Benji: The couch surfing enthusiast

Coming off the autobahn into Munich we went through our first police inspection. The ever efficient German police must have concluded that May and I fit the bill as international drug lords. As I detailed my intentions for Munich and our grand adventure they quickly realised we weren’t the criminal masterminds that would jeopardise the future of all Bavarians. In fact they seemed genuinely interested in our trip, in which I was happy to indulge them (I wonder if they have checked out our page after I gave them flyers?)

We soon made contact with Benjamin and his wife Ping, who kindly agreed to host both of us for the night. This was our first couch surfing experience and what a wonderful couple to introduce us to this world. They showed us their city, cooked for us and were so genuine in their love for travel and indeed hosting people through the couch surfing community.  The day of our departure from Munich, Benji drove us to the only concentration camp to remain open throughout the entire length of the war, Dachau.

A bland and depressing place, but never the less, important to visit. For anybody who has ever visited a place like this, I assume the feeling is the same and you leave emotionally drained. This was only interrupted by a truly spectacular bail by Benji. I liken it to sitting in Church as a kid, and trying desperately not to laugh, you know it’s inappropriate, but funny is funny. The problem is that it seemed to take 15 minutes for the big fella to finally hit the deck… Sorry Benji , hope the foot is ok mate. J

“This is Austria! Not some Bazaar in Morocco”

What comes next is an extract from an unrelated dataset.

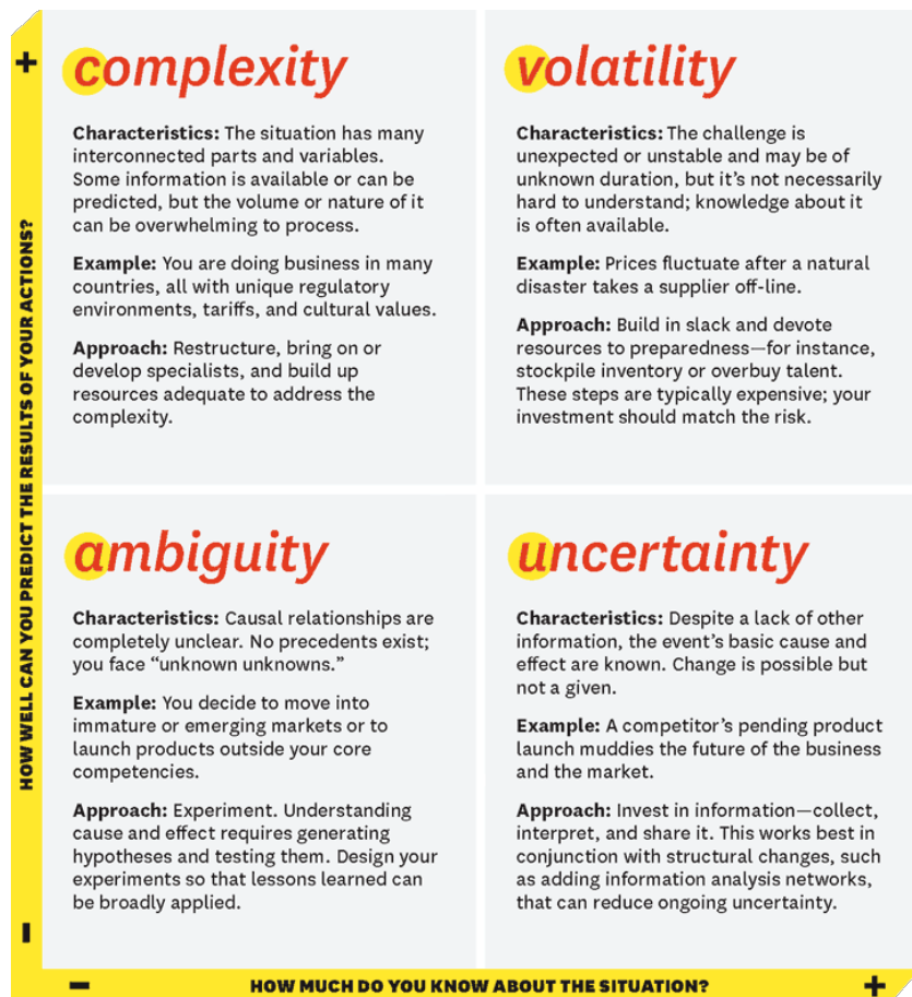
Figure 1. Depiction of VUCA Concept. 19

Was the response I received to our feeble attempt at negotiating the price for our campsite in Salzburg, this same sentiment was echoed in similar fashion on two other occasions. (I’ll get back to this later) Austrian driving rules state children less than 12 years of age and below the height of 1.5m are not allowed to travel in the front unless they are in a proper child restraint seat. Otherwise they must be fastened with a seat belt at the back. You must purchase a tax sticker permitting use of the motorways, you must use dipped headlights at all times, horns are not allowed anywhere, parking must all face the same way and on the right hand side of the road. Basically rules are rules and there is no room for negotiation.

I was definitely the worst dressed in Salzburg. I was looked at with disgust by of the locals (I suppose I couldn’t really blame them, then or now) Salzburg is the birth place of Mozart and it seems that the locals are constantly trying to live up to this expectation, with 17th Century classical compositions echoing through the cobbled stone streets, and everybody dressed ready to attend the opera. All in all, I found it all rather pretentious. That is, until we met Kristina!

Kristina was an Austrian arts director (seemed to be in her mid-seventies), who has lived in New York & Los Angeles, been a top class ballet dancer and rubbed shoulders with A class celebrities.  We met her as she was scarfing down two burgers at McDonalds.  “Go to the youtube!” was her enthusiastic request as we were stealing Macca’s WiFi. She directed us to a Youtube clip of her in Salzburg talking with Tom Cruise, “Press see-more button” which revealed additional information about the clip and Kristina’s credentials. As we spoke, I commented that the city itself was quite small, her retort was “Just like the brains of the people living in it” she went on how she didn’t like Salzburg very much and how she longed for the “big apple”. Kristina was a gem and was a huge breath of fresh air in a potentially stuffy atmosphere.

As I said previously the attitude of “This is Austria!” only made sense when we left Vienna for Budapest in Hungary. Austria lies in the middle of Germany, Slovenia, Slovakia & Hungary (not to mention Italy, Switzerland and the Czech Republic) and is somewhat of a Segue to Eastern Europe, where rules are not necessarily rules and a kind of anything goes attitude begins. It’s also where scams and petty crime starts becoming apparent, the Austrians definitely want to disassociate themselves with this.